[4.19.126] Sporadic freeze related to mmc
Describe the bug
Hello,
I'm currently debugging a nasty freeze on a CM3+ with a 4.19 kernel using a Yocto build based on meta-raspberrypi. The symptoms are as follows:
- Everything from the ui to all other services of the device lock up.
- No new SSH connections are accepted (but previously existing ones, most of the time, persist)
- Attached USB keyboards do not get recognized (no num lock, but SysRq keys over serial still work!)
- This usually happens within the first few minutes of the device running (most I/O happens there).
- More I/O over a long time range seems to trigger the bug more often (I don't have clear data on this yet), but disabling quite some of our applications make the freeze less likely.
- MemFree & MemAvailable seem to rise in moment of freeze. So not a typical OOM situation.
- If it happens, it often happens in batches, then often stays away for a few days.
After quite some time, I found a kind of workaround to alleviate our situation. Applying this device-tree overlay seems to make the freeze appear far less likely or not at all anymore (not sure yet which of the two applies)
/dts-v1/;
/plugin/;
/ {
compatible = "brcm,bcm2708";
fragment@0 {
target = <&sdhost>;
__overlay__ {
non-removable;
brcm,force-pio;
};
};
};
The non-removable part does not seem to be necessary - I added it because I saw the kernel getting stuck in mmc_rescan often.

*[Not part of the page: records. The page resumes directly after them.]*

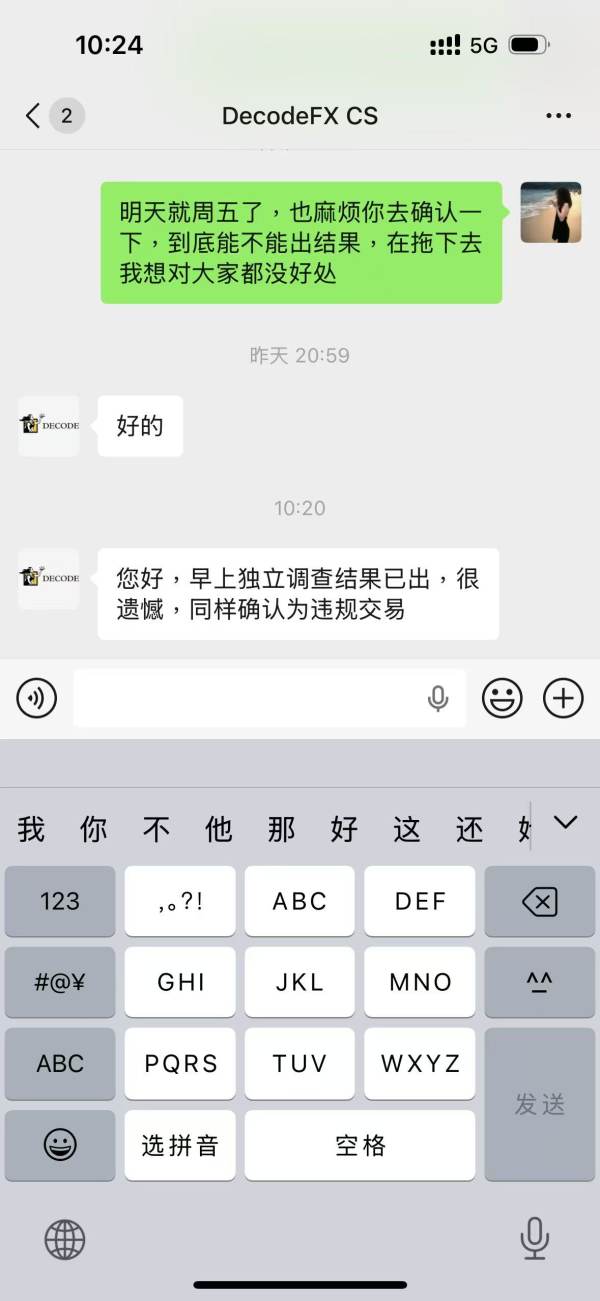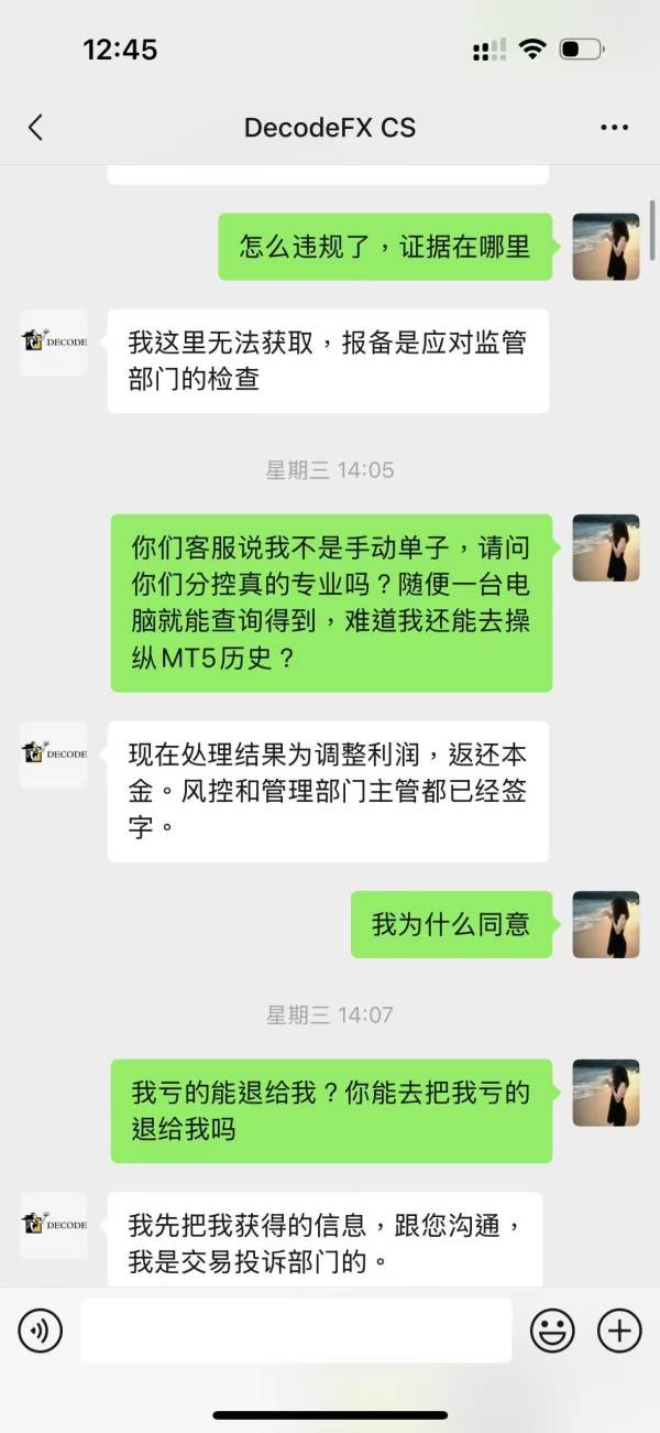 你好,我做外汇交易也有五六年了,之前只听说黑平台但从来没遇到过,这次也是让我长见识了,我在网上看到DecodeGlobal的信息就开户入金了,4月20号我从中午到晚上11点多一直陆续做单,全程就一个手机MT5上下单,因为之前好几个账号都爆仓了也特别上头,就下单的时候一直按下单键,账户一开始入的8300美金做黄金亏损到只剩2000美金了因为仓位比较重看着马上就没了点了全部平仓,随后又补了15000美金进去继续上头疯狂按下单键,中间账号之前爆剩下的加上后面入的15000总17000美金最大浮亏10000多美金,账号一直保证金不足100%红的甚至被强平了4单,后边是硬生生扛回来了还赚了19000美金,就这decode平台还说我违规,说我不是手工单说我什么点差套利,后面直接给观摩发过去了,历史记录资金曲线清清楚楚,每一单都是移动端交易,账户中间不是要爆了就是被强平,然后Decode还是说我违规但是只字不提我为啥违规,我反复文为啥违规就一直说保密,后面海派了个所谓的Decode澳洲总部的调解员来加我微信,上来就是协商利润我直接不同意,然后又来了个什么第三方独立调查一直拖着我,然后今天又给我说还是判定违规我还是问为啥违规,原文回复此交易调查无法提供给您,针对监管们核查,我对着平台也是够够的了,亏了肯定不会退回,拿命赚了点钱就说你违规。
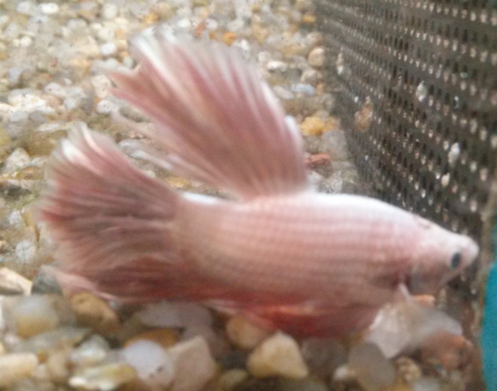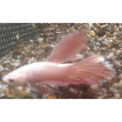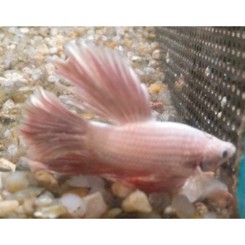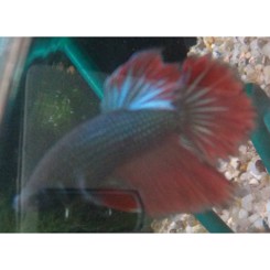 Skumredebygger, hanner kan ikke holdes sammen.Kampfisk, Betta splendens. LEVESTED: SØ-Asien. STØRRELSE: ca. 5-6 cm. AKVARIE STØRRELSE: Artsakvarium fra 4 l. Selskabsalvarium fra. 50 l. TEMPERATUR: 24-30 grader. FODER: Tørfoder, Kampfiskefoder, Dafnier, Myggelarver og Tubifex. OPDRÆT OG ADFÆRD: Kampfisk trives bedst i et lavvandet akvarium på ca. 15 cm. Akvariet skal være veltilplantet, gerne med flydeplanter som hannen kan bygge sin skumrede i. Man må aldrig holde to Kampfiske hanner sammen for så vil de ødelægge hinanden. Det er let at se forskel på kønnene, hannen har store slørfinner, mens hunnen er mindre og har små finner. Det er meget let at opdrætte Kampfisk.
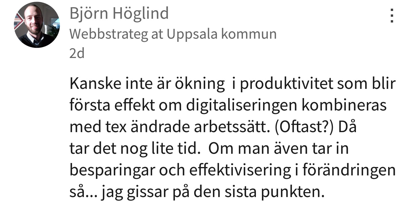 Många har läst mitt inlägg här på bloggen, på LinkedIn och i LinkedIn-gruppen Digitala strateger i Sverige om Swedbaken-ekonomen Anna Bremans presentation om att digitaliseringen inte har lett till någon produktivitetsökning i Sverige.
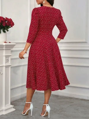 فستان ميدي ربيع وصيف للنساء باللون بورجوندي بنقاط البولكا، بأكمام ثلاثة أرباع، وياقة على شكل V، بقصة A، أنيق وكاجوال، فستان يومي وحفلات
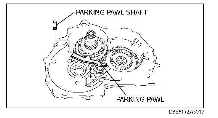 44. Install the packing pawl and parking pawl shaft to the transaxle case.

Since we have a eMMC in the CM3+ we only need to execute it once. Freezes happen also with only non-removable, so the critical part seems to be brcm,force-pio which effectively forces the brcm2538-sdhost driver to not use DMA, but use the slower PIO instead.
Steps to reproduce the behaviour
- Let our proprietary (sorry) system run for some time in a regular I/O board with good power supply.
- Usually you get a freeze within 24 hours.
- No good way was discovered to actually trigger the problem. Letting the system run under
stress-ngseems fine.
Device (s)
Raspberry Pi CM3+
System
$ uname -a
Linux hostname 4.19.126-v7 #1 SMP Fri Sep 30 08:06:14 UTC 2022 armv7l GNU/Linux
$ vcgencmd version
Aug 26 2022 14:04:36
Copyright (c) 2012 Broadcom
version 102f1e848393c2112206fadffaaf86db04e98326 (clean) (release) (start)
$ cat /proc/cmdline
8250.nr_uarts=1 bcm2708_fb.fbwidth=480 bcm2708_fb.fbheight=800 bcm2708_fb.fbswap=1 dwc_otg.lpm_enable=0
usbhid.mousepoll=0 vc_mem.mem_base=0x3ec00000 vc_mem.mem_size=0x40000000 cma=512M@128M coherent_pool=6M
fbcon=vc:2-4 logo.nologo quiet video=HDMI-A-1:480x800MR-24@60 ostree=/ostree/boot.1
/poky/2fb5f4d11ab0a08ad01ad2b44fee499ee3d129c276dd0f41184fdc79850e413e/0 ostree_root=/dev/mmcblk0p2
root=/dev/ram0 rw rootwait rootdelay=2 ramdisk_size=8192 panic=1
$ cat config.txt
disable_overscan=1
gpu_mem=128
boot_delay=0
boot_delay_ms=0
disable_splash=1
dispmanx_offline=1
dtparam=i2c1=on
dtparam=i2c_arm=on
enable_uart=1
dtoverlay=vc4-kms-v3d
hdmi_edid_file=1
avoid_warnings=2
mask_gpu_interrupt0=0x400
dtparam=audio=on
Logs
This log was from one of the devices that exhibited the issue. The actual freezed tasks differ a bit from time to time, but the common one is always mmc_rescan.
With device-tree overlay that only has "non-removable" set the log becomes a bit more interesting: There are a lot of tasks and the memory info at the top seems to indicate that there's enough free pages. A bit of swap was used and applications/tasks using it seem to be stuck completely too. Another bunch of tasks are stuck in rpi_firmware_transaction which is interesting since they should not be blocked by MMC.
freeze-with-non-removable-but-without-force-pio.log
Note: The latter log was obtained from a serial connection with SysRq keys.
Additional context
This issue was reported at the meta-raspberrypi repository. It was suggested to report this here. The real question is: why does setting force-pio help? Is it an actual workaround a bug or is it just making the freeze less likely due to slower I/O.